CULTIVAR DIFFERENCE IN SENSITIVITY TO CHILLING INJURY OF ANTHURIUM FLOWERS (ANTHURIUM ANDRAEANUM) DURING LOW TEMPERATURE STORAGE
Anthurium is an important economic cut flower in world trade, but its storage life is limited due to chilling injury (CI) when stored at temperature lower than 12°C. Wilting of the spadix, purpling and browning of the spathe are the main symptoms of CI. The effects of low temperature on CI and flower senescence were investigated in five anthurium cultivars, namely Tropical (red spathe), Casino (orange spathe), Cheers (pink spathe), Angel (white spathe) and Pistache (green spathe). Cut flowers were packed wet in fiberboard carton boxes and then stored at 4 and 12°C (85-90% RH). The results showed that cut flowers stored at 4°C developed CI more rapidly than those stored at 12°C. Cultivar Cheers was the most sensitive to CI when stored at 4°C for four days and showed visible CI symptoms of dried spadix and spathe turned pink and dark brown. Moreover, increasing in electrolyte leakage, rate of respiration and weight loss percentage of the spathe, and the shortest vase life (15 days) was found. Whereas CI symptoms, electrolyte leakage, rate of respiration and weight loss were the lowest in Casino and vase life was 28 days.
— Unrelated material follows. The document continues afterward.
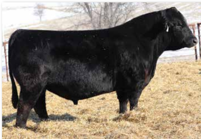
RUBYS TURNPIKE 771E - Maternal Brother of Lot 1

A quick look at this guy's pedigree and you will notice that he is a brother to the great Turnpike. 0H3 is one of my favorite bulls in the offering. He was small at birth, offers good growth with a very balanced EPD profile. Well above average in several traits with indexes in the top 30% of the breed. He's good looking, super smooth in his design, soft, sound, and deceptively stout. Lots of good in this bull.
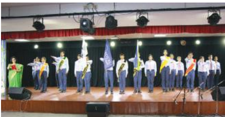
Investiture of Prefect Council

Changes in membrane lipid oxidation in anthurium spathe during low temperature storage were investigated. The results showed that Cheers showed highest electrolyte leakage, TBA-reactive compounds and lipoxygenase activity throughout the storage period at 4°C and it was accompanied by dramatical increase in CI symptoms. These data suggest that CI at 4°C is related to an increase in the membrane lipid oxidation.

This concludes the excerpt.